Data block:
::::::::

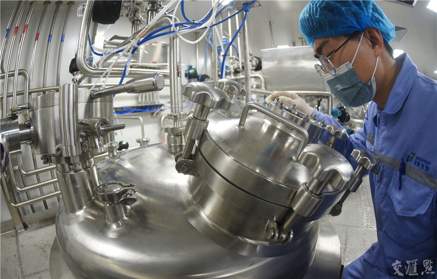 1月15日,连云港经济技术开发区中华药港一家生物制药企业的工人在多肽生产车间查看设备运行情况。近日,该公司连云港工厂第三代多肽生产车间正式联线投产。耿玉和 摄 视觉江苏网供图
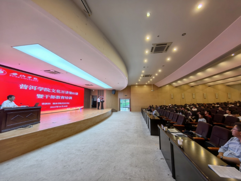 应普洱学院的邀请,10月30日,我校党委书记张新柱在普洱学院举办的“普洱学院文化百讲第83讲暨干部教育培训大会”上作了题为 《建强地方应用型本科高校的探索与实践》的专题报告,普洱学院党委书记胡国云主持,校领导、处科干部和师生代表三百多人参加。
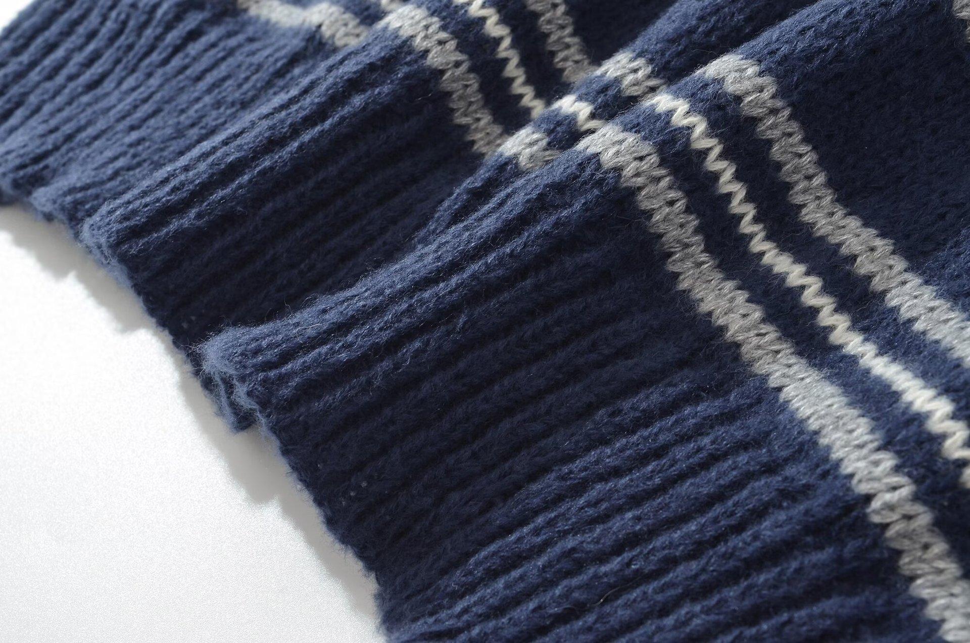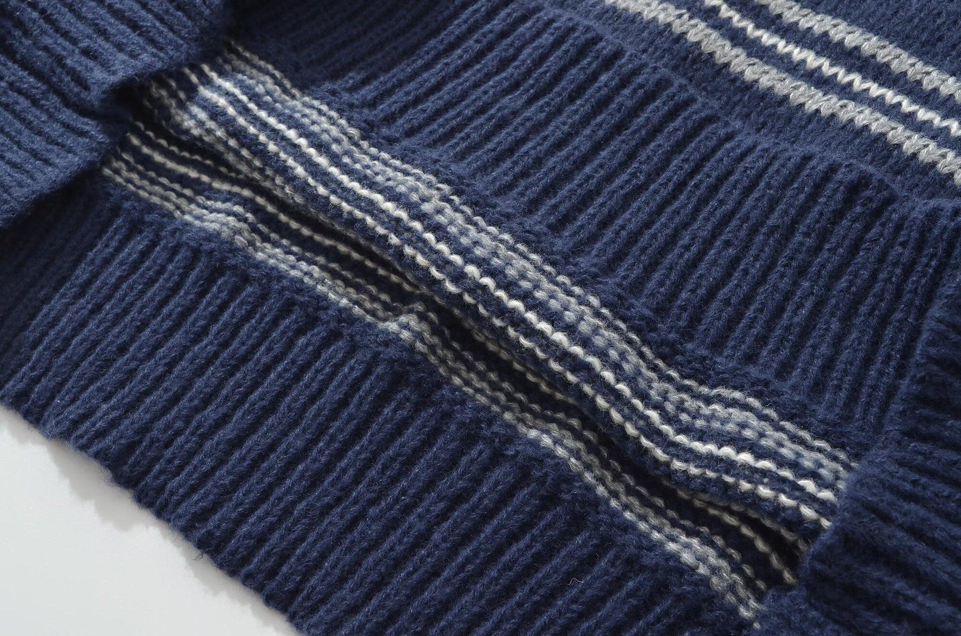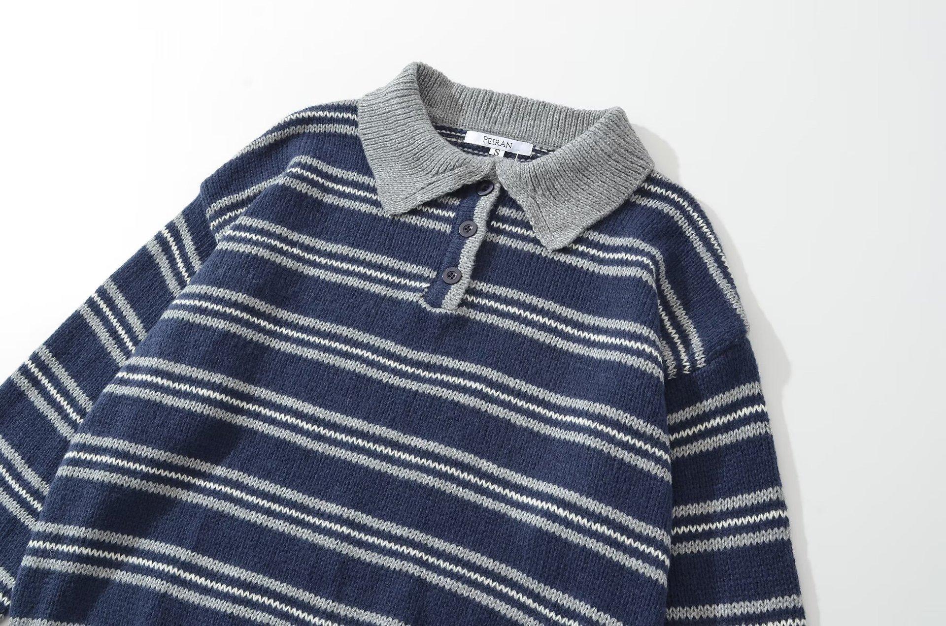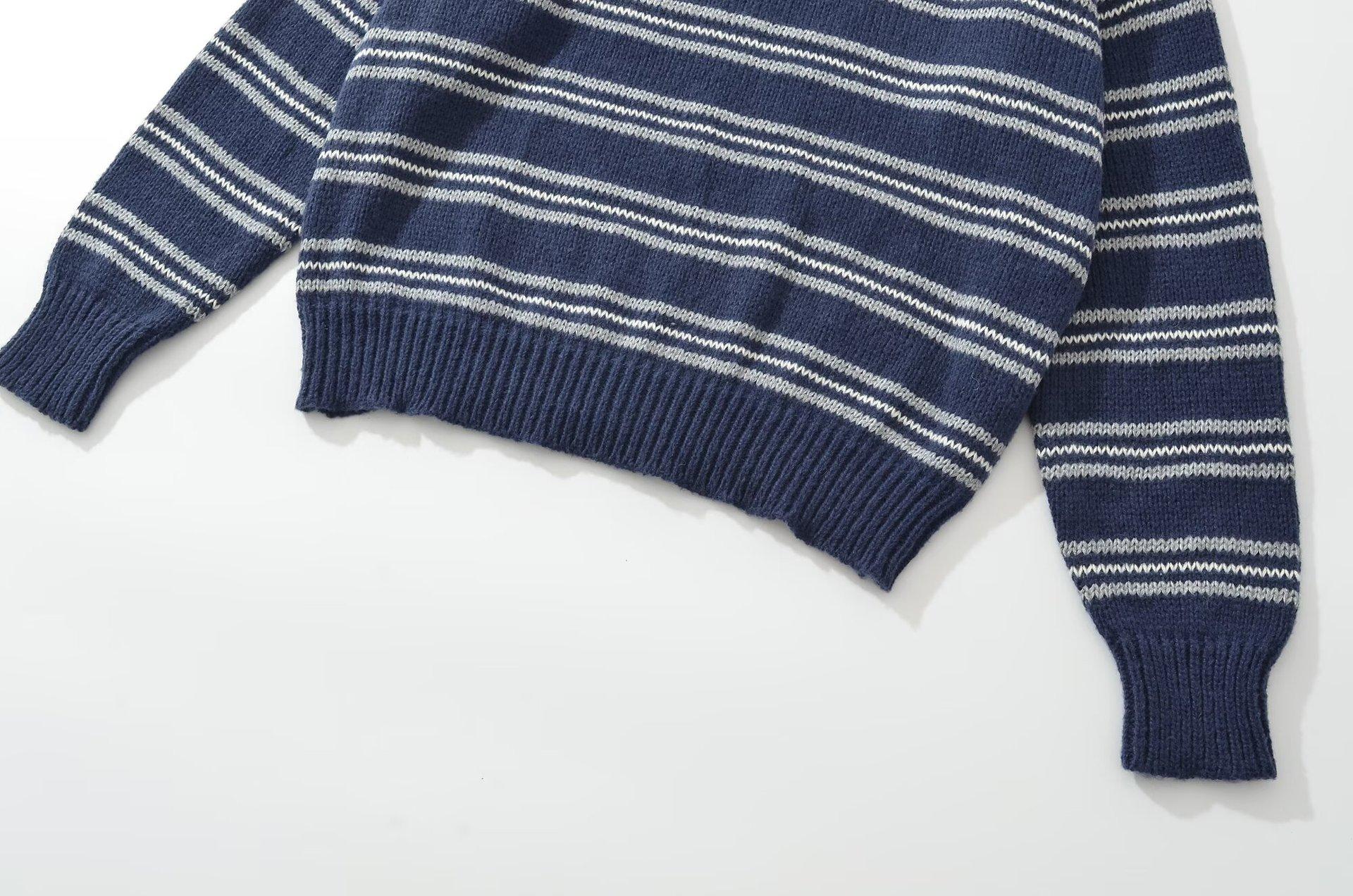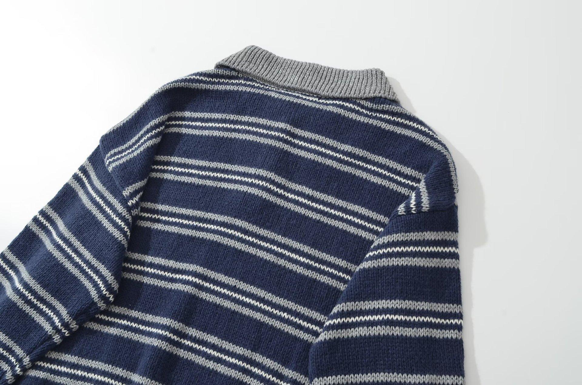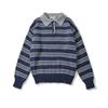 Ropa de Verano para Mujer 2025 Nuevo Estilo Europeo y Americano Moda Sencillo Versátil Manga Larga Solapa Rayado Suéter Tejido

::::::::

Task brief: Could you copy the data above exactly, leaving the pictures out?

Final answer:
 1月15日,连云港经济技术开发区中华药港一家生物制药企业的工人在多肽生产车间查看设备运行情况。近日,该公司连云港工厂第三代多肽生产车间正式联线投产。耿玉和 摄 视觉江苏网供图
 应普洱学院的邀请,10月30日,我校党委书记张新柱在普洱学院举办的“普洱学院文化百讲第83讲暨干部教育培训大会”上作了题为 《建强地方应用型本科高校的探索与实践》的专题报告,普洱学院党委书记胡国云主持,校领导、处科干部和师生代表三百多人参加。
 Ropa de Verano para Mujer 2025 Nuevo Estilo Europeo y Americano Moda Sencillo Versátil Manga Larga Solapa Rayado Suéter Tejido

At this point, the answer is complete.